The treatment of cancer patients with HIV/AIDS is far from standardized; however, with a better understanding on the biology and pharmacology of HIV-associated malignancies and their therapy, few recommendations could be made. First, whenever possible, patients with HIV/AIDS and cancer should be treated as immunocompetent, mainly in patients with CD4+ counts higher than 200/μL and undetectable viral loads. It is of most importance to recognize that cancers such as aggressive NHL, HL and anal cancer can be cured, and patients with HIV/AIDS should be treated with this goal in mind. Second, HAART should be given concurrently to chemotherapy unless specific adverse events occur necessitating dose reductions or delays. This is mainly advisable for patients who are HAART-naïve and have low CD4+ counts. The benefits of the combination of HAART and chemotherapy have been mainly reported in patients with lymphomas and KS. Third, a more liberal use of supportive therapy, such as granulocyte-stimulating growth factors and antibiotic prophylaxis may translate into fewer infectious adverse events, either associated with neutropenic episodes or opportunistic infections. Finally, patients with HIV/AIDS and cancer should be treated by HIV oncologists in setting in which they could benefit from clinical trials designed specifically for such population.

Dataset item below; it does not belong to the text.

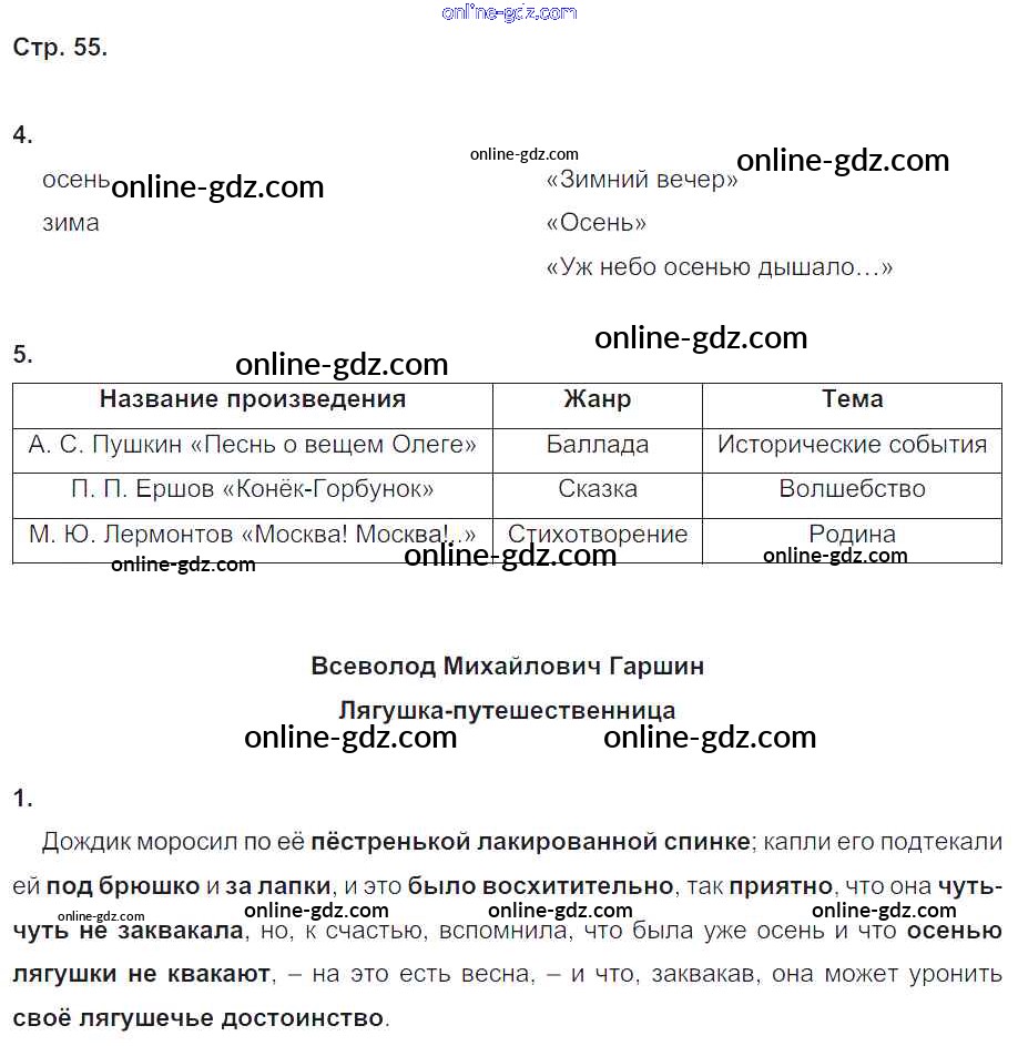 Готовые домашние задания по Литературе за 4 класс Рабочая тетрадь Ефросинина Начальная школа XXI века 2020 - Часть 1. Страницы 55

Additional research is needed to further delineate the interactions between HIV medications and chemotherapy drugs, and to identify more effective therapies, which should results in increased cure rates or, in most cases, in an improved quality of life. Many of the published studies on the biology, pathophysiology or therapy of HIV-associated malignancies are single-center experiences or small prospective studies with very few randomized controlled trials. For this purpose, multiinstitutional collaboration is mandatory. In the United States, the AIDS Malignancy Consortium (AMC) is a clinical trials group supported by the National Cancer Institute specifically focused on performing clinical and laboratory studies in HIV/AIDS patients with cancer (For more information, please see public/index.htm). The AMC is composed by over 35 clinical sites in the United States, Asia, Africa and Latin America, and has working groups focused on the treatment of lymphoma, KS, HPV-associated malignancies and NADCs. Such efforts are desperately needed in order to investigate the different aspects of HIV-associated malignancies therapy.